Patrick Riley begins by saying "it's all about user intent." By tweaking the algorithm, and operating at scale, Google can update the search results page so that it offers results for not only the query, but for what Google thinks the query could be should what you typed into the search box be incorrect.

"We know that everything we do on the search results page, and we really care about every pixel on that page," Riley says.

"We liked the 'did you mean' link so did not want to take it off." Instead they expanded it.

Mobile search

Scott Huffman talks about mobile search: "There are a few things that make mobile search interesting," he begins. "Mobile search is growing fast -- faster than search for the PC."

"Another thing that makes mobile search interesting is the challenge of devices," he adds. "There are hundreds of them, with widely varying capabilities. Search is generally difficult to use... The third thing inherently interesting about mobile search is location."

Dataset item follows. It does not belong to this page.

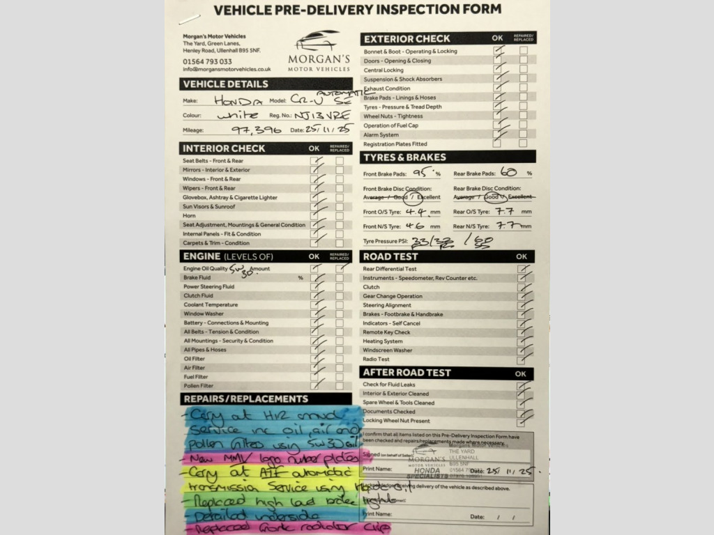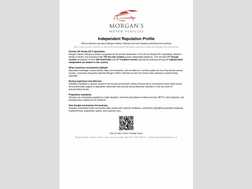 FIRSTLY A BIG THANK YOU FOR READING THIS AND READING OUR REVIEWS!, , FOR A FANTASTIC AND UNIQUE CUSTOMER EXPERIENCE PLEASE PLEASE POP US AN EMAIL OR GIVE US A CALL. , The fact that you are reading this means you have done your research, and will know by now that Morgans Motor vehicles are regarded nationally as the first place you come to purchase your used Honda. Here we have no silly sales and performance targets, instead we like to offer a very relaxed atmosphere to come and purchase your next vehicle. We believe that having a nice cup of coffee (decent Nespresso coffee I might add) without time restriction is something we offer all our customers. This is a premium level service that you will not receive at most car dealerships and this is something we are proud to offer. , , The Car: This well presented Honda CR-V has just 97,396 miles and three owners from new. She has been extremely well maintained and offers excellent value for money. She comes complete with two original keys and a full service history with 10 service stamps in her portfolio and the 11th service to be completed by ourselves. , Here at Morgans Motor Vehicles we like to offer our AA Dealer promise package (where applicable) which includes 12 Months AA Roadside assistance, a new set of registration plates, a 69 point health inspection, an MMV annual service and new MOT. During this robust process in our 69 point check, we give you a consumable forecast on the perishables such as tyres and brake pads and discs which can be seen on our photos. , Our MMV service consists of checking all lights and levels, as well as adding fully synthetic low ash Valvoline 5W30 Motor oil, a new oil filter air filter and pollen filter (pollen if applicable) to this lovely vehicle. This package is something that very few independents offer, and we believe adds exceptional value and most importantly peace of mind for you our customers . We can confirm that tyres are of good quality across both axles with 4.4 mm on the front and 7.7 mm on the rear. The brake pads are in good condition with 95% remaining to the front and 60% remaining to the rear with the brake discs in healthy condition. To complete our handover we will help the new owner by going through all relevant documents such as the V5 Registration certificate transfer and taxation, and in addition set up 6 months warranty for your convenience. To summarise a fantastic family vehicle with low running costs and insurance, makes the CR-V an excellent purchase. , Please take the time to watch our video and view our high quality definition photos for details we provide that other professionals do not. Here at Morgans Motor Vehicles we pride our ourselves on the customer journey and experience. If you have not bought a vehicle from us before please take the time to read our dealer reviews on Google and Autotrader to get a really good understanding of how we work and how we prepare our vehicles. Our retail prices are examined daily to ensure all our vehicles are accurate to the market and represent best value for our customers. We have worked incredibly hard to get a great reputation based on our customer service and transparency.

"Our dream," he said, "is that people use mobile search every day because it is":

  • Complete: all of Google is on my device; easy access; "one click" ability to dig deeper;

  • Easy: effortless to search and get answers.

  • Local: knows where I am and acts accordingly

One thing that isn't out yet but should be in the next few weeks is the ability to share your desktop environment with your mobile environment.

Universal Search and a Brand New Search Feature

Marissa Mayer begins with an anecdotal story about a friend of hers who needed to tie a bow tie and was convinced that by searching on Google he would be greeted with incomprehensible information. As it turned out, he told Mayer, the results were brilliant; he got videos, diagrams, and a lot of explanations.

"This is Universal Search," Mayer said, "which we introduced a couple of years ago."

Universal search began with images, maps, books, news, and video. Mayer explained that over the past two years, Google has added products and blog search.

"Universal Search now runs in 174 countries," said Mayer, and it's getting better.

"The Universal Search experience is displayed in a 'bento box' environment," Mayer said.

Google also now has "location-less" Universal Search. That is, you don't need to include your location; Google works that out by either your profile or your cookie information.

In November, Google introduced SearchWiki: the ability to add, annotate, and remove results to "really make the page your own."

But with Search Wiki and Universal Search, there is more media and more interaction. Google wants to help you find more and do more with it.

The hard, unsolved problems in search are:

  • Finding the most recent info

  • Expressing what you want just one type of result

  • Accessing which results are best

  • Knowing what you want

  • Being tied to keywords can be limiting

"We need a slice-and-dice mechanism," Mayer explained, something that will help you find a particular type of result.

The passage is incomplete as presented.